------ INFORMATION ------

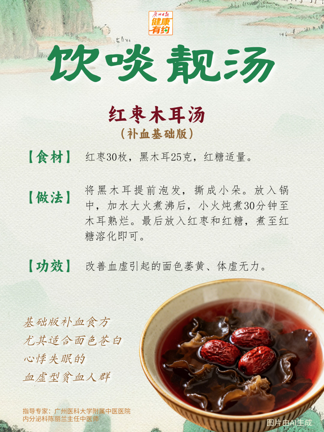 很多人可能低估了熬夜对气血的负面影响。广州医科大学附属中医医院天河院区内分泌科主任陈丽兰主任中医师提醒,中医认为“卧则血归于肝”,长期熬夜会严重耗伤气血。夜间是身体造血和修复的时间,该睡不睡,机体的血气没有时间恢复,造血也没有充足的时间。此外,过度节食或者偏食挑食,体力消耗或者长时间的脑力劳动,也会耗伤心血。此外,对于青春期女生来说,月经周期可能不规律,如果经量过大,也容易导致血虚,气随血脱,自然容易气血不足。以上四道补血食疗方,有需要的朋友不妨一试。
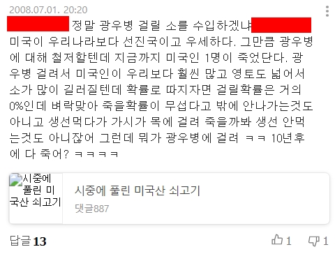 저는 그때 당시 중학생이었는데 다행히도 현명한 어머니 덕분에 선동되지 않았습니다. 그리고 저는 네이버 뉴스에 광우병은 과장됐다고 댓글을 달았다가 엄청 욕먹었던 증거도 있습니다.
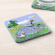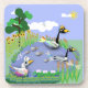 Colourful cartoon style pond with geese and ducks coaster
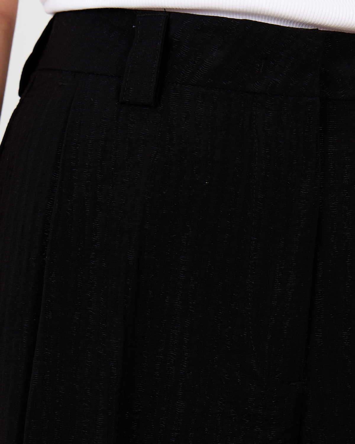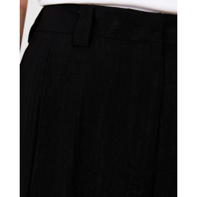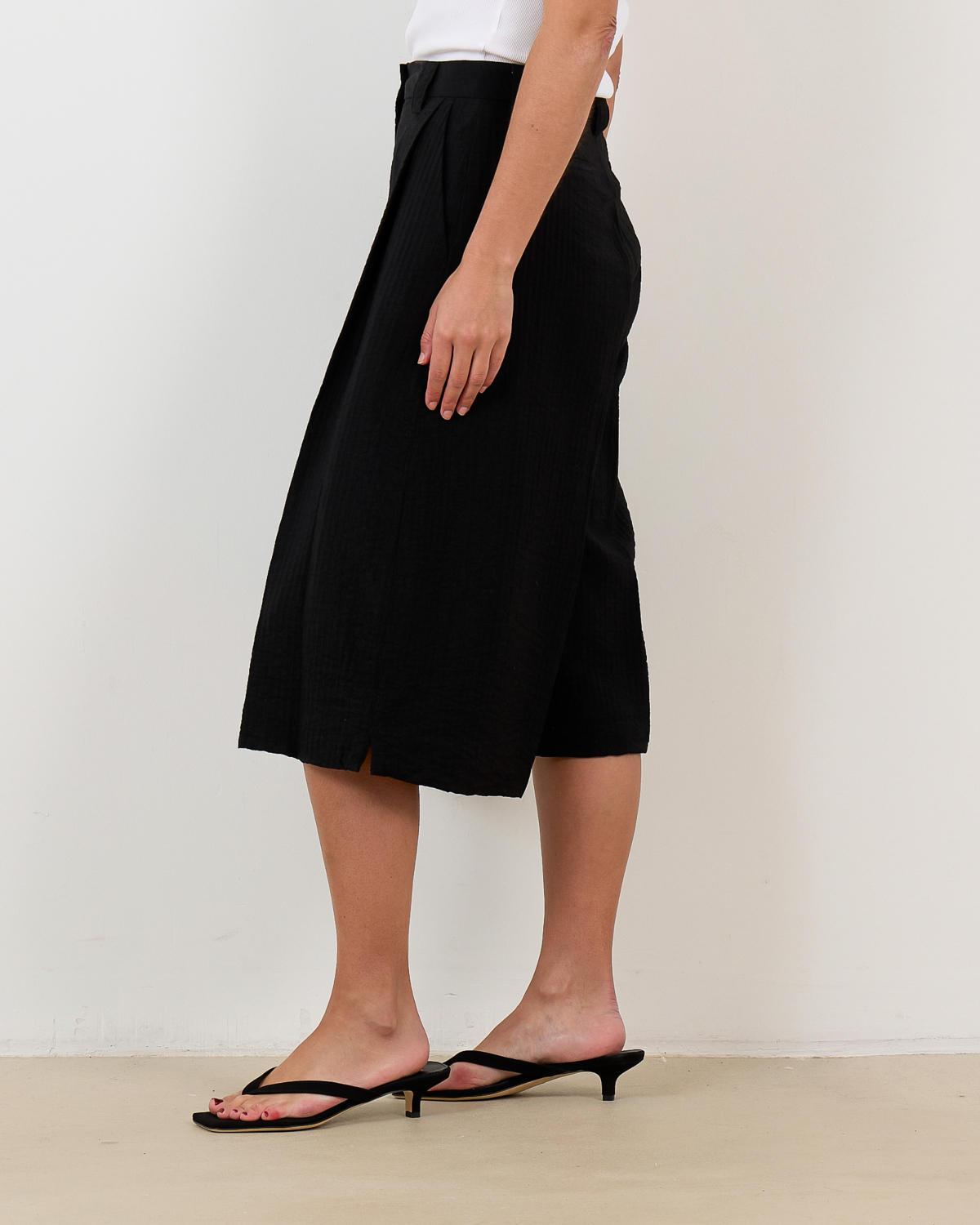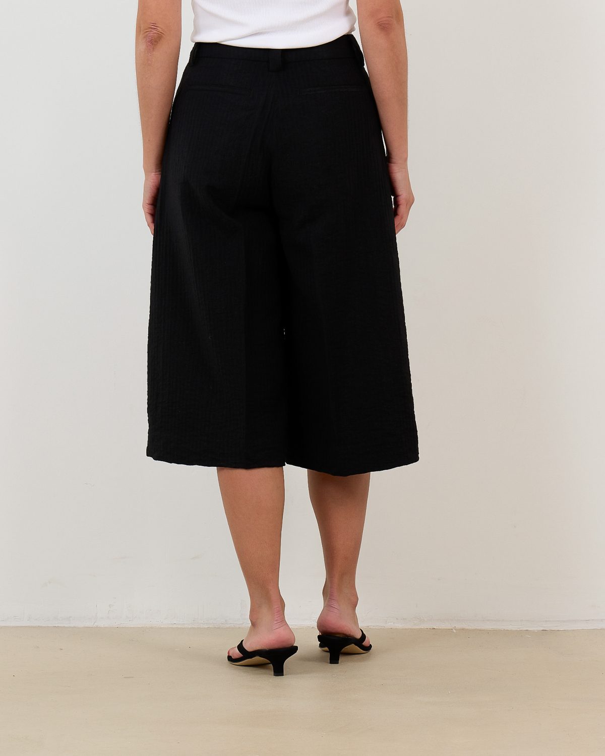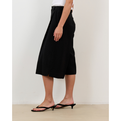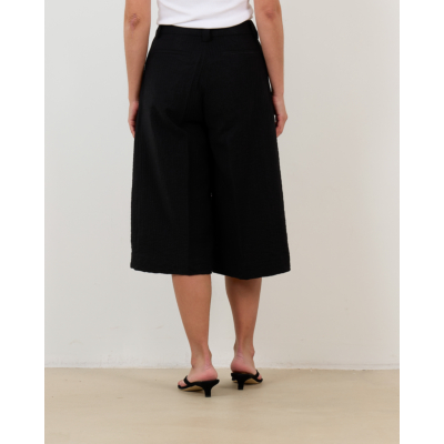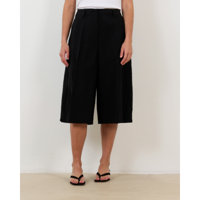 Deze elegante zwarte bermuda short valt tot net onder de knie en heeft een wijde, moderne silhouet. De luxueuze viscose-polyamidemix (81% viscose, 1% polyamide) zorgt voor een soepele val en draagcomfort. De regular fit en stijlvolle snit maken dit item perfect voor warme dagen waarbij je toch verfijnd wilt ogen.
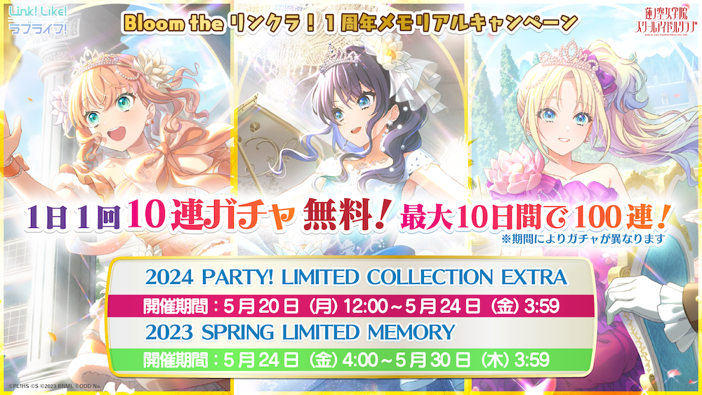 おかげさまで、スマートフォンアプリ「Link!Like!ラブライブ!」(以下、「リンクラ」)は2024年5月20日(月)で1周年を迎えました。日頃より「リンクラ」をプレイいただいております皆様に感謝の気持ちを込め、様々なキャンペーンを開催いたします!また、蓮ノ空女学院スクールアイドルクラブの公式YouTubeチャンネル及び公式X(旧Twitter)においても様々な企画を開催いたします。
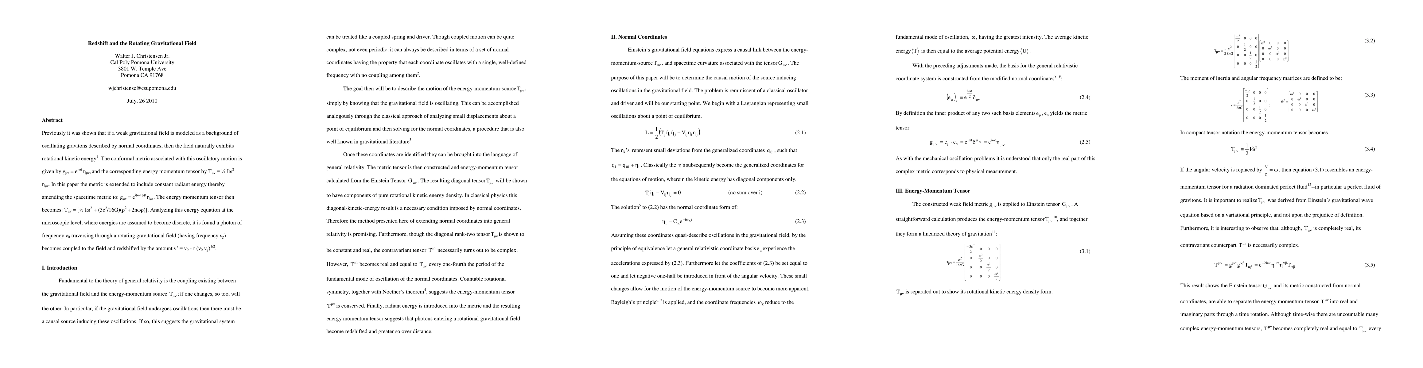 Previously it was shown that if a weak gravitational field is modeled as a background of oscillating gravitons described by normal coordinates, then the field naturally exhibits rotational kinetic energy. The conformal metric associated with this oscillatory motion is given by g{\mu}{\nu} = ei{\omega}t {\eta}{\mu}{\nu}, and the corresponding energy momentum tensor by T{\mu}{\nu} = $frac{1}{2}$ I{\omega}2 {\eta}{\mu}{\nu}. In this paper the metric is extended to include constant radiant energy thereby amending the spacetime metric to: g{\mu}{\nu} = ei({\omega}+{\rho})t {\eta}{\mu}{\nu}. The energy momentum tensor then becomes: T{\mu}{\nu} = [$frac{1}{2}$ I{\omega}2 + (3c2/16G)({\rho}2 + 2n{\omega}{\rho})]. Analyzing this energy equation at the microscopic level, where energies are assumed to become discrete, it is found a photon of frequency {\nu}0 traversing through a rotating gravitational field (having frequency {\nu}g) becomes coupled to the field and redshifted by the amount {\nu}' = {\nu}0 - r ({\nu}0 {\nu}g)1/2.
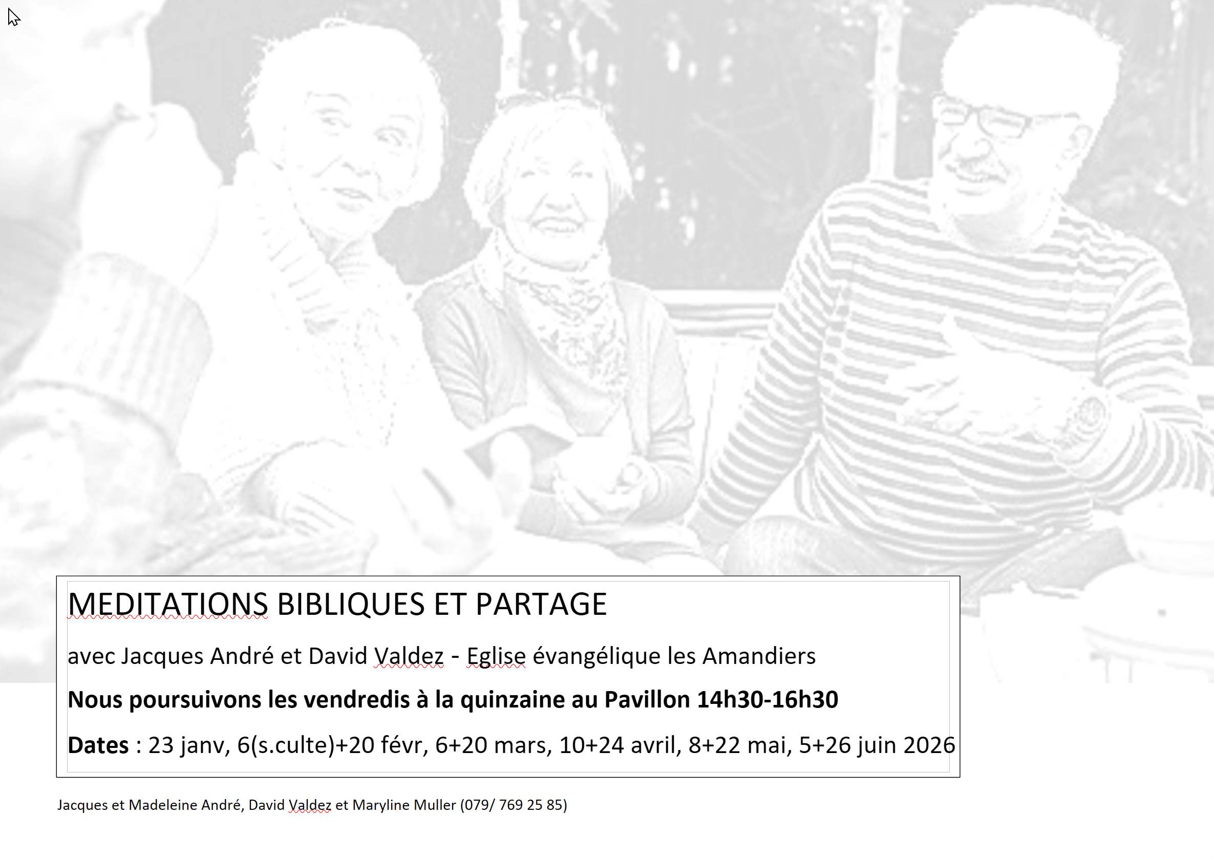 Voici les nouvelles dates pour les méditations bibliques.
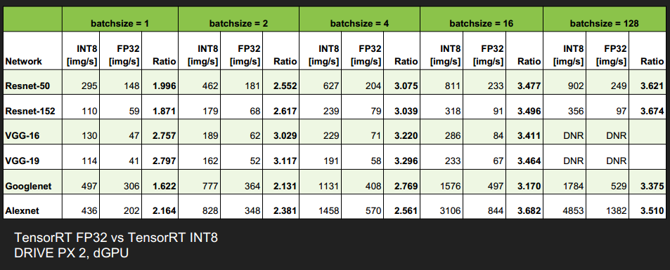 TensorRT 的INT8模式只支持计算能力为6.1的GPU(Compute Capability 6.1 ),比如: GP102 (Tesla P40 and NVIDIA Titan X), GP104 (Tesla P4), and GP106 GPUs,主要根源是这些GPU支持 DP4A硬件指令。DP4A下面会稍微介绍一下。
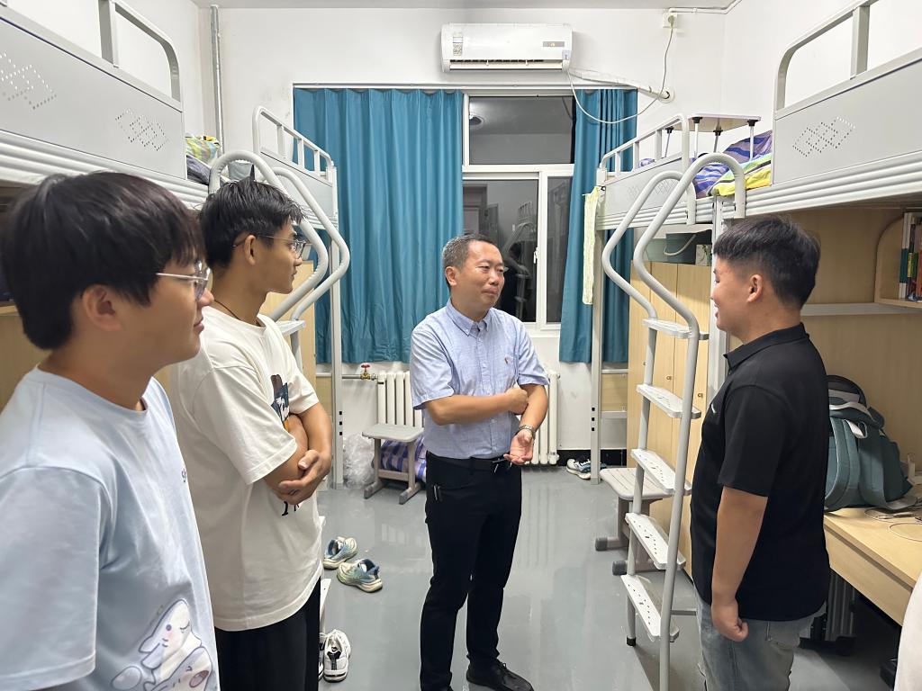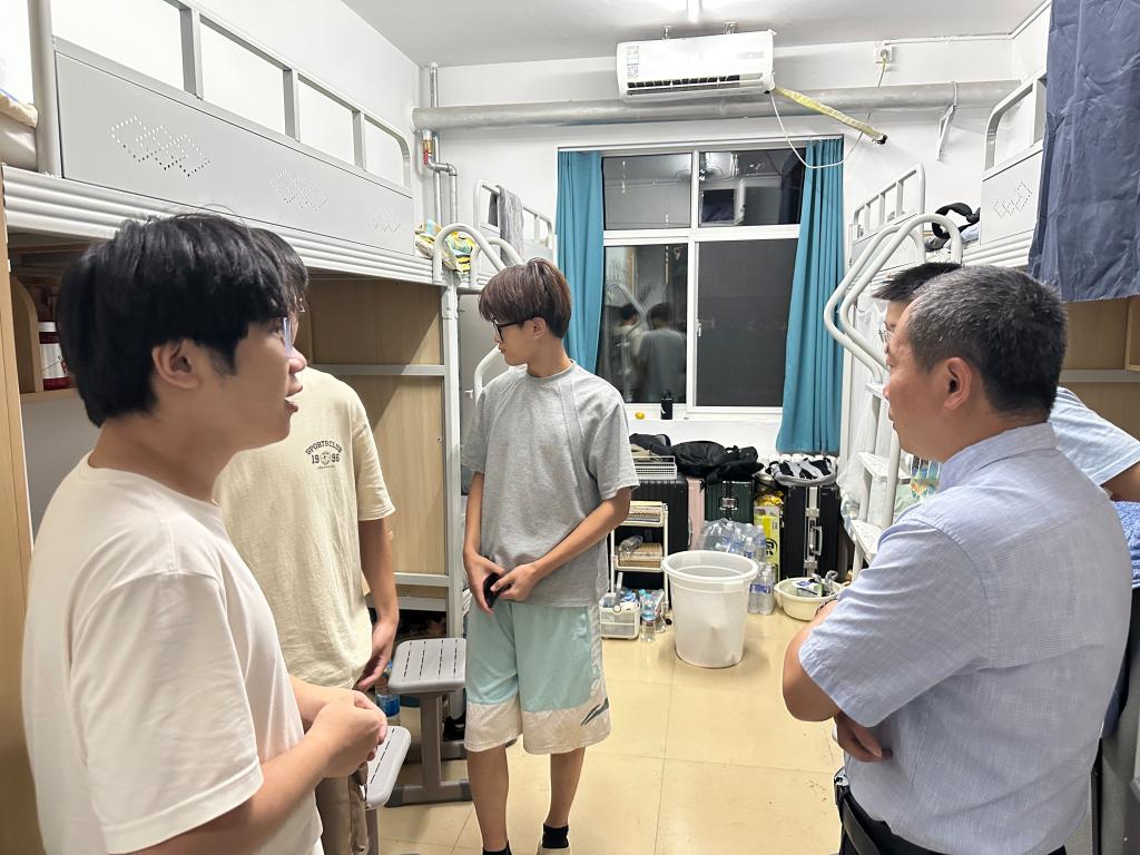 为深入了解bat365中文官方网站各级男生的宿舍生活状态、学习需求及实际困难,进一步拉近师生距离、夯实学院育人服务基础,9月6日,bat365中文官方网站党委书记仲冲带队走访各年级男生宿舍,与同学们展开面对面交流。

------

#### [WORK ORDER]
For each record, return its text exactly and leave any picture out.

#### [YOUR SOLUTION]
 很多人可能低估了熬夜对气血的负面影响。广州医科大学附属中医医院天河院区内分泌科主任陈丽兰主任中医师提醒,中医认为“卧则血归于肝”,长期熬夜会严重耗伤气血。夜间是身体造血和修复的时间,该睡不睡,机体的血气没有时间恢复,造血也没有充足的时间。此外,过度节食或者偏食挑食,体力消耗或者长时间的脑力劳动,也会耗伤心血。此外,对于青春期女生来说,月经周期可能不规律,如果经量过大,也容易导致血虚,气随血脱,自然容易气血不足。以上四道补血食疗方,有需要的朋友不妨一试。
 저는 그때 당시 중학생이었는데 다행히도 현명한 어머니 덕분에 선동되지 않았습니다. 그리고 저는 네이버 뉴스에 광우병은 과장됐다고 댓글을 달았다가 엄청 욕먹었던 증거도 있습니다.
 Colourful cartoon style pond with geese and ducks coaster
 Deze elegante zwarte bermuda short valt tot net onder de knie en heeft een wijde, moderne silhouet. De luxueuze viscose-polyamidemix (81% viscose, 1% polyamide) zorgt voor een soepele val en draagcomfort. De regular fit en stijlvolle snit maken dit item perfect voor warme dagen waarbij je toch verfijnd wilt ogen.
 おかげさまで、スマートフォンアプリ「Link!Like!ラブライブ!」(以下、「リンクラ」)は2024年5月20日(月)で1周年を迎えました。日頃より「リンクラ」をプレイいただいております皆様に感謝の気持ちを込め、様々なキャンペーンを開催いたします!また、蓮ノ空女学院スクールアイドルクラブの公式YouTubeチャンネル及び公式X(旧Twitter)においても様々な企画を開催いたします。
 Previously it was shown that if a weak gravitational field is modeled as a background of oscillating gravitons described by normal coordinates, then the field naturally exhibits rotational kinetic energy. The conformal metric associated with this oscillatory motion is given by g{\mu}{\nu} = ei{\omega}t {\eta}{\mu}{\nu}, and the corresponding energy momentum tensor by T{\mu}{\nu} = $frac{1}{2}$ I{\omega}2 {\eta}{\mu}{\nu}. In this paper the metric is extended to include constant radiant energy thereby amending the spacetime metric to: g{\mu}{\nu} = ei({\omega}+{\rho})t {\eta}{\mu}{\nu}. The energy momentum tensor then becomes: T{\mu}{\nu} = [$frac{1}{2}$ I{\omega}2 + (3c2/16G)({\rho}2 + 2n{\omega}{\rho})]. Analyzing this energy equation at the microscopic level, where energies are assumed to become discrete, it is found a photon of frequency {\nu}0 traversing through a rotating gravitational field (having frequency {\nu}g) becomes coupled to the field and redshifted by the amount {\nu}' = {\nu}0 - r ({\nu}0 {\nu}g)1/2.
 Voici les nouvelles dates pour les méditations bibliques.
 TensorRT 的INT8模式只支持计算能力为6.1的GPU(Compute Capability 6.1 ),比如: GP102 (Tesla P40 and NVIDIA Titan X), GP104 (Tesla P4), and GP106 GPUs,主要根源是这些GPU支持 DP4A硬件指令。DP4A下面会稍微介绍一下。
 为深入了解bat365中文官方网站各级男生的宿舍生活状态、学习需求及实际困难,进一步拉近师生距离、夯实学院育人服务基础,9月6日,bat365中文官方网站党委书记仲冲带队走访各年级男生宿舍,与同学们展开面对面交流。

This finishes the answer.